2. Elevator belt according to claim 1, wherein the single thread is twisted around a single thread serving as a twisted wire core (Fi 1, fa 1).

3. Elevator belt according to claim 1, wherein the cord is formed of a plurality of strands, wherein an inner central strand (L1) is surrounded by an outer plurality of strands (L2-L7).

4. An elevator belt according to claim 3, wherein the single wire (Fi 1) of the central strand (L1) located inside, constituting the strand core, has a thicker coating than the strand core of the single wire (Fa 1) constituting the outer strands (L2-L7).

5. An elevator belt according to claim 1, wherein the coating of the single wires (Fi 1, fa 1) constituting the twisted wire core is at least 10% thicker than the coating of the single wires (Fi 2-Fi7; fa2-Fa 7) surrounding the twisted wire core.

6. An elevator belt according to claim 1, wherein the coating of the single wires (Fi 1, fa 1) constituting the twisted wire core is more than 30% thicker than the coating of the single wires (Fi 2-Fi7; fa2-Fa 7) surrounding the twisted wire core.

7. The elevator belt according to claim 5, wherein the coating of the individual wires constituting the twisted wire core is on average thicker than 2 μm.

8. The elevator belt of claim 4 wherein the cords are designed as steel cords and the coating is a zinc layer.

9. The elevator belt of claim 8 wherein the zinc layer comprises an additional alloy composition.

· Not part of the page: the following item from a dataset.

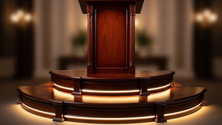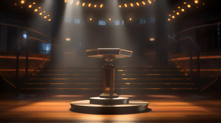 A polished wooden podium stands center stage under a dramatic spotlight in a dimly lit, ornate room with classical architectural details.

10. The elevator belt of claim 9, wherein the additional alloy composition is aluminum (Al).

11. The elevator belt according to claim 8 or 9, wherein an iron-zinc alloy is formed between the zinc layer and the single wire surface.

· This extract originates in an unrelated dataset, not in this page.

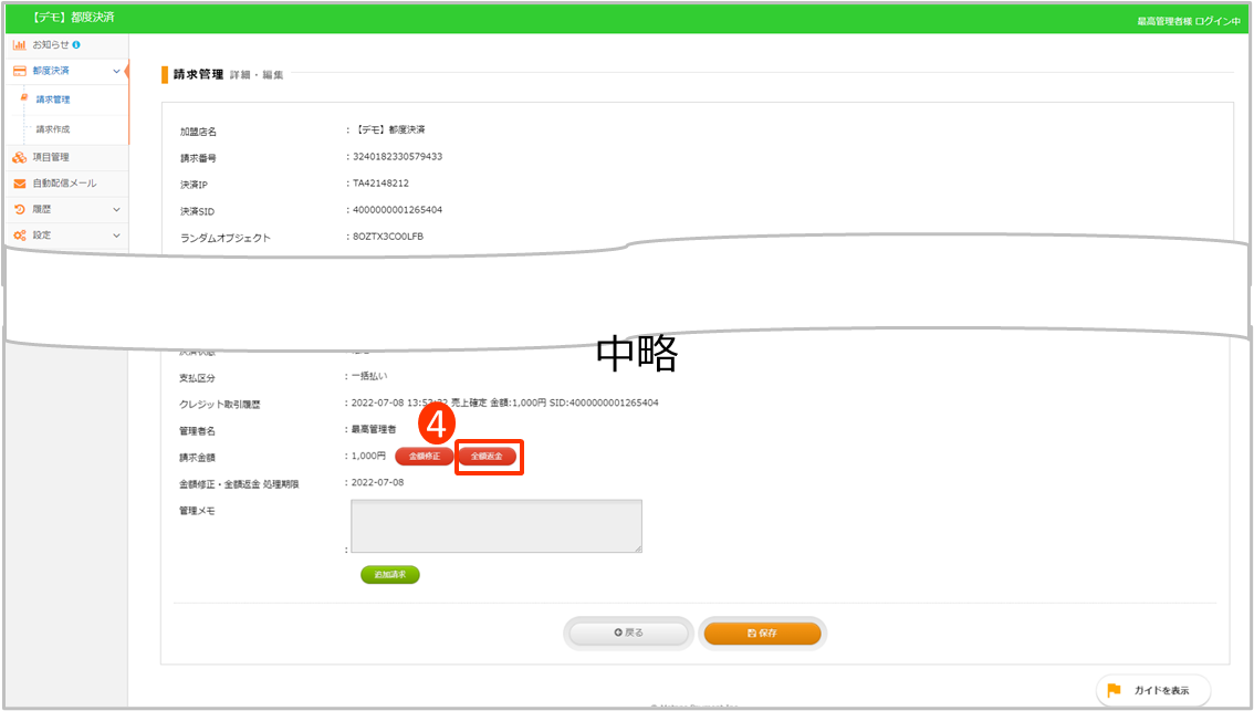 ※金額返金の履歴は、[請求一覧 - 詳細]のクレジット取引履歴に記載されます

12. The elevator belt according to claim 8, wherein the stretch or reinforcement fabric is designed as a steel cord in the form of a7 x 7 structure, wherein the central strand located inside has a single wire with a zinc coating of at least 1.5 μm and six single wires with a zinc coating of at least 1 μm surrounding the strand core, while the six strands located outside each have a single wire with a zinc coating of at least 1 μm and six single wires with a zinc coating of at least 0.5 μm surrounding the strand core, which form the strand core.

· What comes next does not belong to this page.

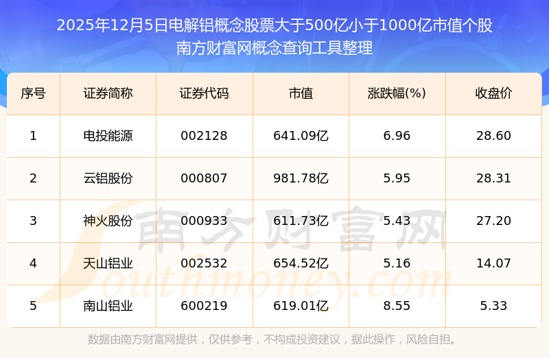 股價上看,截止2025年12月5日收盤,這些股票股價上漲的有5只,占比100%,其中,漲幅大于5%的股票有5只,漲幅較大的分別為南山鋁業(yè)、電投能源、云鋁股份,漲幅為8.55%、6.96%、5.95%。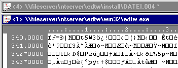 | Ein Stern in der Zeilennummer bedeutet, dass diese Zeile beim Zurückschreiben in eine Datei nicht um ein Satz-Trennzeichen ergänzt wird. Es handelt sich entweder um eine Binärdatei oder der Satz in einer satzstrukturierten Datei ist länger als die maximale Satzlänge. Die Zeile wird mit der nächsten Zeile verkettet. | |

13. The elevator belt according to claim 8, wherein the stretch or reinforcement fabric is designed as a steel cord in the form of a7 x 7 structure, wherein the central strand located inside has a single wire with a zinc coating of at least 2.5 μm constituting the strand core and six single wires with a zinc coating of at least 2.0 μm surrounding the strand core, while the six strands located outside each have a single wire with a zinc coating of at least 2.0 μm constituting the strand core and six single wires with a zinc coating of at least 1.0 μm surrounding the strand core.